To excavate the potential ability of TMBRB, we used TMBRB and histological subtype for logistic regression. In the multivariate analysis, both p values of variables were less than 0.05 and the results were significantly improved in the training cohort (0.86; 95% CI: 0.84 to 0. 88; p<0.05) and the test cohort (0.83; 95% CI: 0.78 to 0. 87; p<0.05). For the relationship between histological subtypes and TMBRB, we can be sure that they will interact to improve the accuracy of prediction, but deeper interactions still need to incorporate more data for experimentation and verification.

Furthermore, we assessed the relationship between TMBRB and TMB in two ways. Since TMB is a continuous variable, we used the Spearman correlation coefficient for evaluation at first and the results showed that TMBRB and TMB have a strong correlation (correlation coefficient: 0.57; p<0.001; figure 2G). Moreover, we also checked the performance of TMBRB at different TMB cut-off, which can also clearly indicate the sensitivity distribution of TMBRB to TMB. As shown in figure 2E, TMBRB could effectively distinguish between two types of samples with cut-off points within the range 3 to 10 mut/Mb. The AUC for the 4 to 10 mut/Mb groups was each greater than 0.70 (including training cohort and test cohort), while the corresponding AUC differences between training and test cohorts were <0.10 (figure 2F). When the TMB cut-off value was 3 mut/Mb, the TMBRB exhibited good robustness, while the AUC of test cohort was about 0.69.

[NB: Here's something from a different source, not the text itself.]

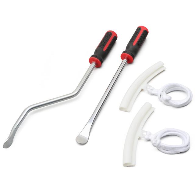 ストレートタイプのタイヤレバーでは困難だった作業を解消。幅広タイヤに使いやすいクランクタイプタイヤレバーをセットにしました。140サイズ以上のタイヤ交換に最適です。

Predictive value of TMBRB in the immunotherapy data set

TMBRB was able to divide patients into two risk cohorts (p=0.030; cut-off point=0.61; HR: 0.54, 95% CI: 0.31 to 0.95; figure 3A) with significantly different OS. In the dichotomy, the median OS was 301 days in the high-risk group and 533 days in the low-risk group. For PFS, TMBRB was also able to divide patients into two risk groups with better significant difference (p=0.023; cut-off point=0.46; HR: 1.78, 95% CI: 1.07 to 2.95; figure 3B). Moreover, the median PFS in the low-risk group was more than twice as much as the median PFS in the high-risk group (288 vs 134 days). Furthermore, the ROC curves for the high- and low-risk groups and TMB showed the optimal thresholds for TMB were 9.27 and 9.35, when the cut-off value was 0.46 and 0.61, respectively (figure 3D–F). We speculated that the best cut-off points of TMB for high- and low-risk stratification of NSCLC patients is between 9 and 10 for OS and PFS.

Figure 3

Prognostic value of TMBRB in immunotherapy. (A) and (B) The Kaplan-Meier curves depicting OS in high- and low-risk groups of OS and the high- and low-risk groups of PFS. (C) The receiver operating curves for TMB to distinguish between high- and low-risk groups and its best cut-off points (OS: 0.61; PFS: 0.46), which reflects the most likely cut-off points of TMB to be used for risk stratification (OS: 9.35; PFS: 9.27). (D) The distribution of TMBRB in immunotherapy data set, and the best cut-off points of TMBRB for OS and PFS. AUC, area under the curve; OS, overall survival; PFS, progression-free survival; TMBRB, tumor mutational burden radiomic biomarker.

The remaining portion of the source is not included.